In past I was compiling my own firefox but nowadays firefox is too big and compiling would take too much time.

second problem is with weak ciphers that I don't know how to block:
TLS_RSA_WITH_AES_128_GCM_SHA256
TLS_RSA_WITH_AES_256_GCM_SHA384

tested here:
https://browserleaks.com/ssl
and
https://clienttest.ssllabs.com:8443/ssltest/viewMyClient.html

I can block any other weak cipher but not these two.

Currently I can block outgoing firefox auto connections at iptables. I can't do anything about weak cipher though.

It seems that I am not the only who noticed this issue.

Of course I don't know why these weak cipher were added or why suddenly firefox 7x must make these connections. Just until now I was able to control firefox pretty well.

So what I am asking if it is possible to correct these issues?
Of course this is firefox issue, not Artix so if this problem is not correctable I understand it.

thank you

Re: firefox and firefox-esr

Reply #1
The only browser I know that makes 0 connections after some basic configuration is ungoogled-chromium. But here in arch you have to download the source (~800mb) and compile it, so it's a big no-go for me.

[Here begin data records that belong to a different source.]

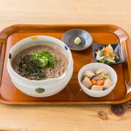 ※当店の「とろろ汁」は、粘りと風味の良い九州産自然薯、山口県産自然薯を100%使用して、煮干しと昆布で取ったオリジナルのだしで作っています。冬季は豊田産の自然薯「ゆめとろろ」を使うこともあります。
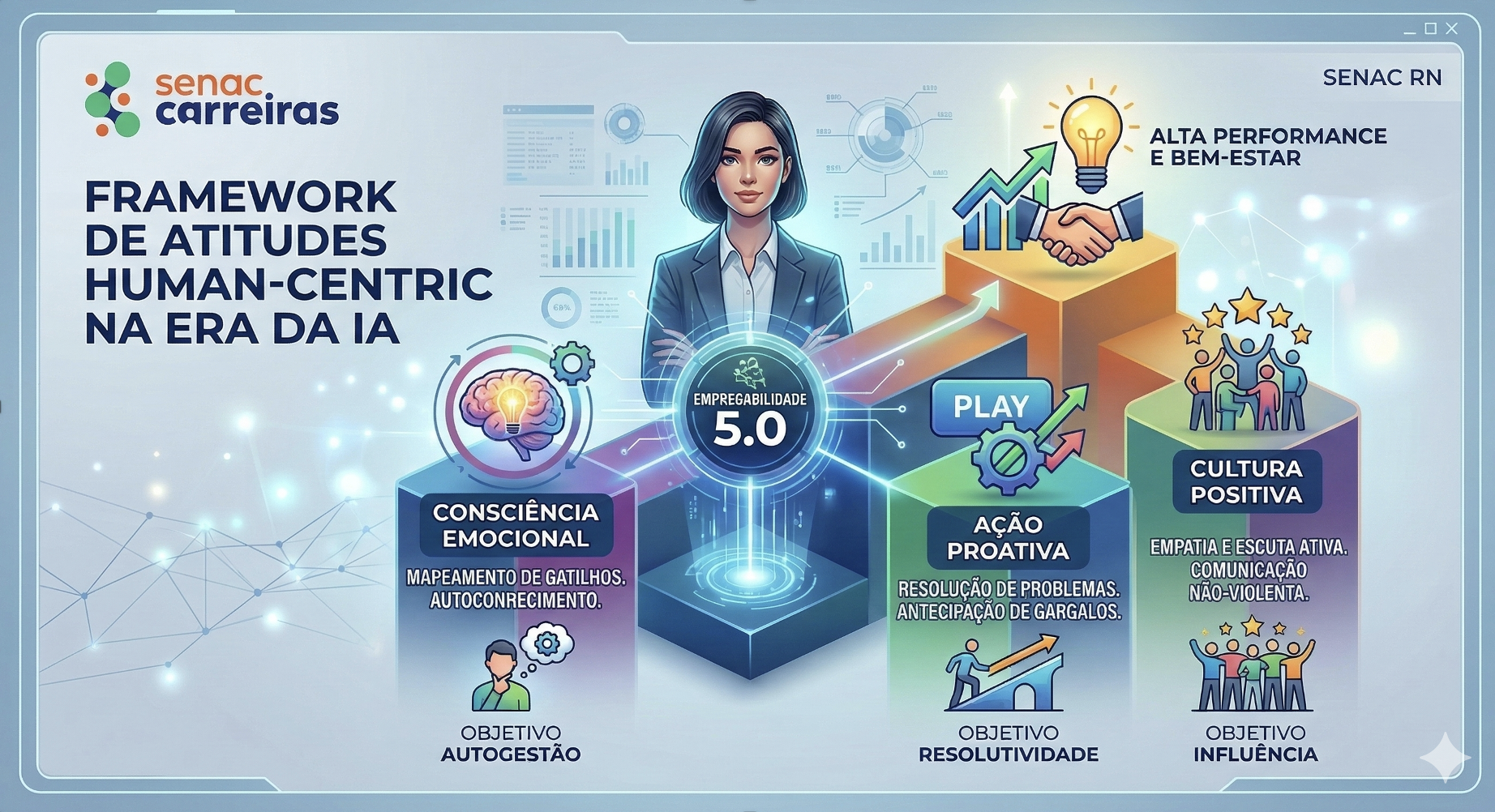 Esse framework pode ser desdobrado em atividades práticas em sala de aula, planos de desenvolvimento em estágios, trilhas de aprendizagem corporativas e orientações de carreira individualizadas, alinhando a proposta pedagógica do Senac à agenda global de futuro do trabalho.
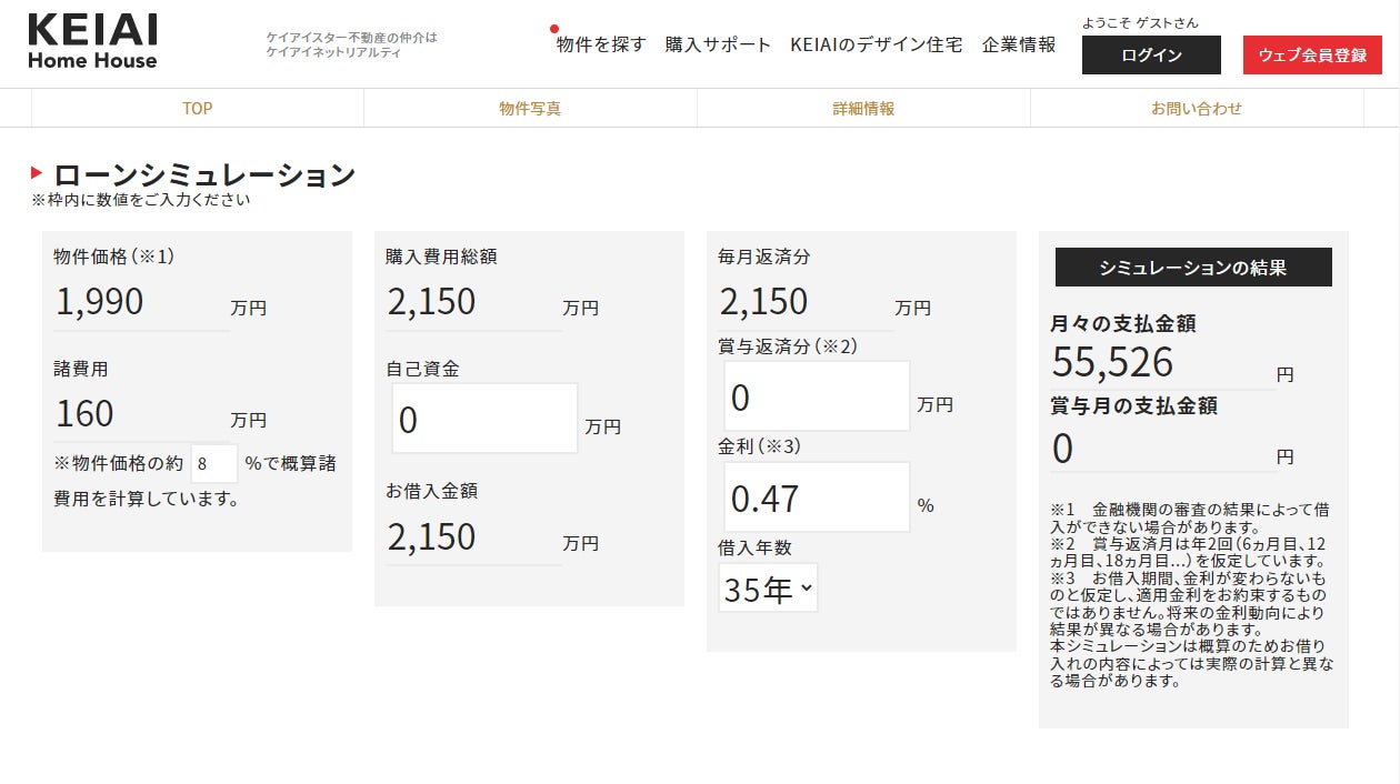 自己資金や賞与返済分など必要項目を入力すると月々の返済額が自動計算され、住宅購入をより検討しやすくしました。
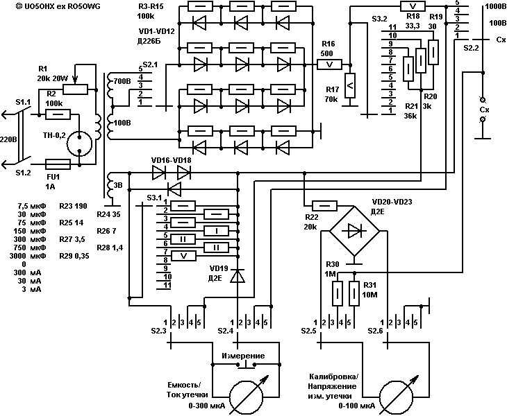 Этот прибор измеряет ток через электролитический конденсатор при подаче на него переменного напряжения 1,5В 50 Гц. Столь малая величина напряжения не пробивает оксидный слой, поэтому обратный ток не влияет на точность измерения. Шкала измерителя тока проградуированна в величинах емкости, с помощью эталонных конденсаторов. Так же прибор позволяет измерять ток утечки конденсаторов при его рабочем напряжении. Для измерения величины емкости необходимо, при подключенном конденсаторе, резистором R1 установить показания прибора 2 на середину шкалы (1,5В), и, нажав кнопку, выбрать предел шкалы измерителя переключателем S3. Этим же переключателем выбираем шкалу тока при измерении утечки. Режим измерения емкости и шкала напряжения при измерении тока выбирются переключателем S2. Напряжение, при измерении тока утечки, выставляется так же с помощью R1.
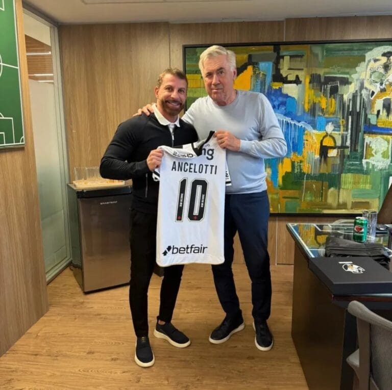 Pedrinho presenteou Carlo Ancelotti e Rodrigo Caetano com camisas personalizadas do Vasco. sexta-feira, 30/05/2025 às 18:47 — Em Últimas notícias

I never cared about the cypher, I use the latest firefox+ghacksuser.js+stevenblackhost+windscribevpn+umatrix and lesspass for passwords.

it seems that you can manually add it:
Code: [Select]
user_pref("security.ssl3.rsa_aes_128_gcm_sha256", false);
user_pref("security.ssl3.rsa_aes_256_gcm_sha384", false);
it worked for me according to the testpage.


------
edit: I just visited the link you posted. (https://forum.artixlinux.org/index.php/topic,1625.0.html) . In it, @Dudemanguy mentions that you can get ungoogled-chromium from a repository called "universe" which is not activated by default.
Which is very good news, firefox is too overkill for me.
The only disadvantage of ungoogled-chromium is that you have to install the extensions manually. A script can give you the url just by entering the id of the extension. Check the faq for the different methods of installing an extension.

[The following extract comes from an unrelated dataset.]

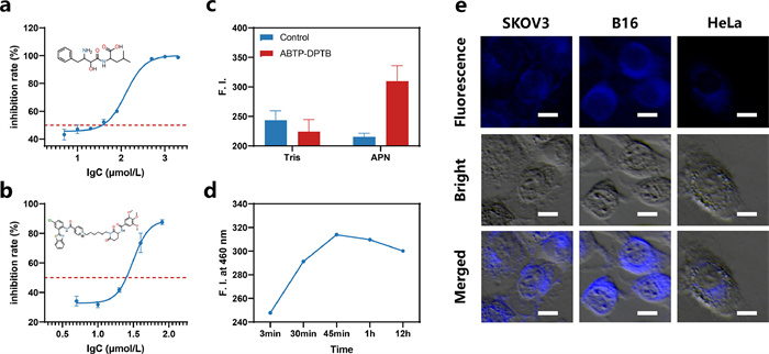 | Fig. 4. Bioactivity evaluation and fluorescence imaging of ABTP-DPTB. (a) Inhibitory effect of bestatin on APN. (b) Inhibitory effect of ABTP-DPTB on APN. (c) Fluorescence intensity changes of ABTP-DPTB in Tris and the APN solution under 460 nm. λex = 365 nm. Slit width (EX, EM): 9 nm. (d) Fluorescence intensity of ABTP-DPTB in APN at different incubation time. λex = 365 nm, λem = 460 nm. Slit width (EX, EM): 9 nm. (e) Fluorescence microscopic images of SKOV3, B16 and HeLa cells. Cells were incubated with ABTP-DPTB for 15 min. Scale bar: 10 µm. | |
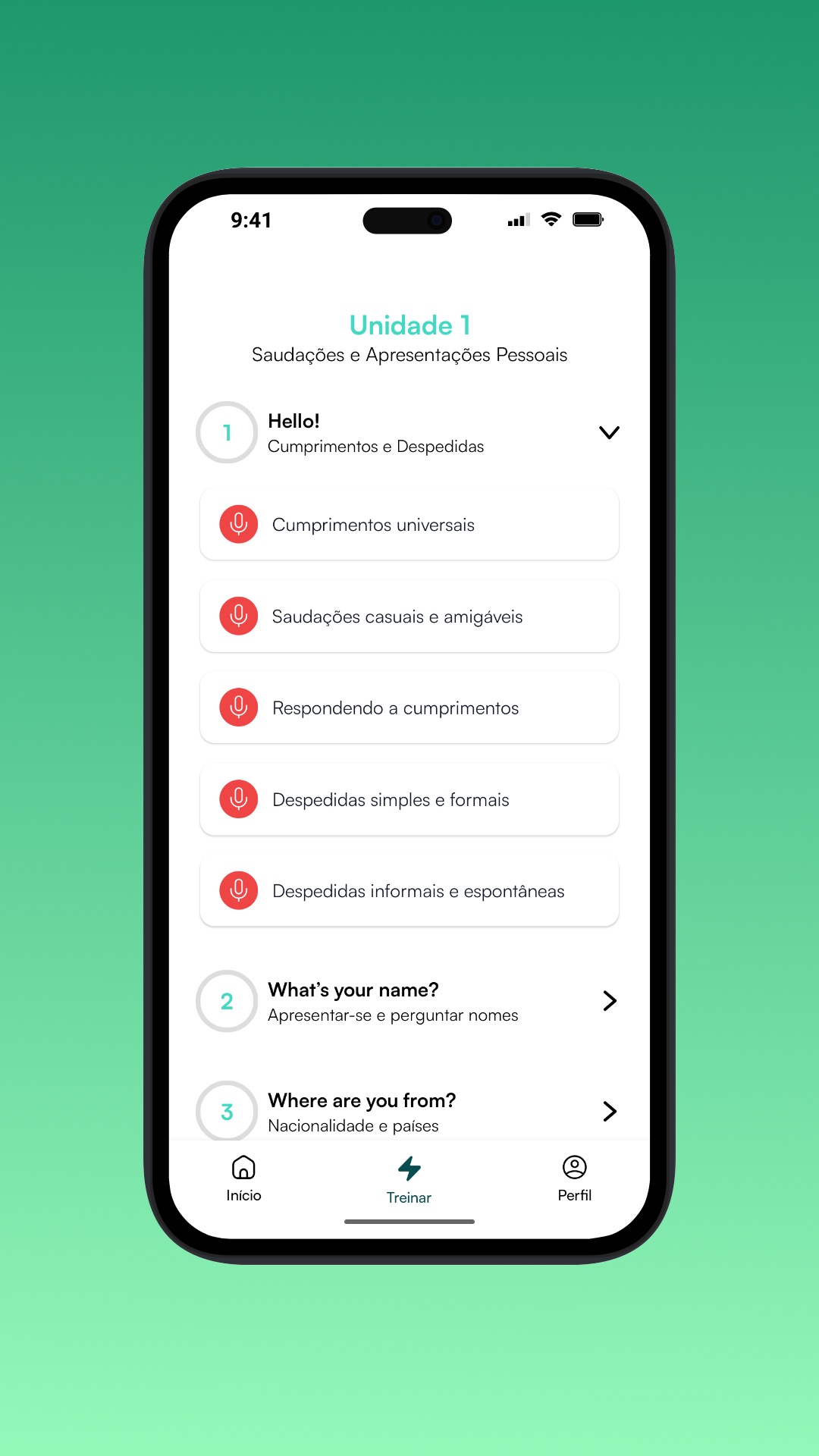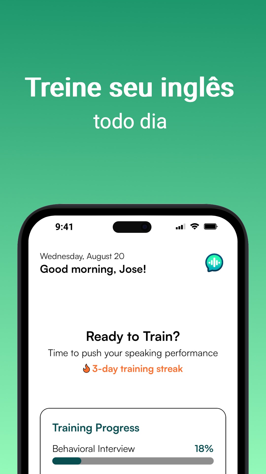 Treino guiado, frases em trilha e feedback claro — tudo no seu celular.

Re: firefox and firefox-esr

Reply #2
Pale Moon doesn't seem to make any connections on start up (although it does on the unconfigured first run startup) and you can enable and disable various ciphers in about:config.
It looks like the weaker ciphers are there as a fallback and the stronger ones are used in preference, so presumably the default set up provides a good browsing experience, but for high security purposes I guess no connection is better than a weak one.

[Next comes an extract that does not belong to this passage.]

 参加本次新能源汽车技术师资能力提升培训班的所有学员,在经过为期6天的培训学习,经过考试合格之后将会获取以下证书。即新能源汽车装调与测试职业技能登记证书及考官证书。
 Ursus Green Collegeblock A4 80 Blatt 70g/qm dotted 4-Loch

Re: firefox and firefox-esr

Reply #3
thank you both for responding.

Quote
user_pref("security.ssl3.rsa_aes_128_gcm_sha256", false);
user_pref("security.ssl3.rsa_aes_256_gcm_sha384", false);

fixed ciphers issue. These were hidden so that is why I was not able to disable them. Now it works.

I have firefox 68.11-esr (antiX) that does not make any auto connections after customization (about:config)

Only since 78/79 firefox started to make auto connections that I am not able to block. So I will use iptables for this.

I was using Pale Moon long time ago but it had a lot of issues then.

Never tried ungoogled-chromium. Maybe I will give a shot.

 

Re: firefox and firefox-esr

Reply #4
you have to build firefox with --disable-safe-browsing if you want to cut off all connections at startup, along with disabling any updates via about:config and all other url-based options there.  some people dont consider this 'safe' but i'm fine with it

Re: firefox and firefox-esr

Reply #5
you have to build firefox with --disable-safe-browsing if you want to cut off all connections at startup, along with disabling any updates via about:config and all other url-based options there.  some people dont consider this 'safe' but i'm fine with it

I have disabled safebrowsing and whatever updates in about:config. As I mentioned before, my customization worked in the case of firefox 68.11-esr, so I doubt that these connections are related fo safebrowsing. I suspect that this is related to services similar to normandy (telling firefox devs how I use browser). Whether this is hidden or hard coded I don't know.


Re: firefox and firefox-esr

Reply #7
Amazon and others provide CDN (Content Delivery Network) services to Mozilla. So that's reason why mozilla connect to amazon, google, edgecast, etc.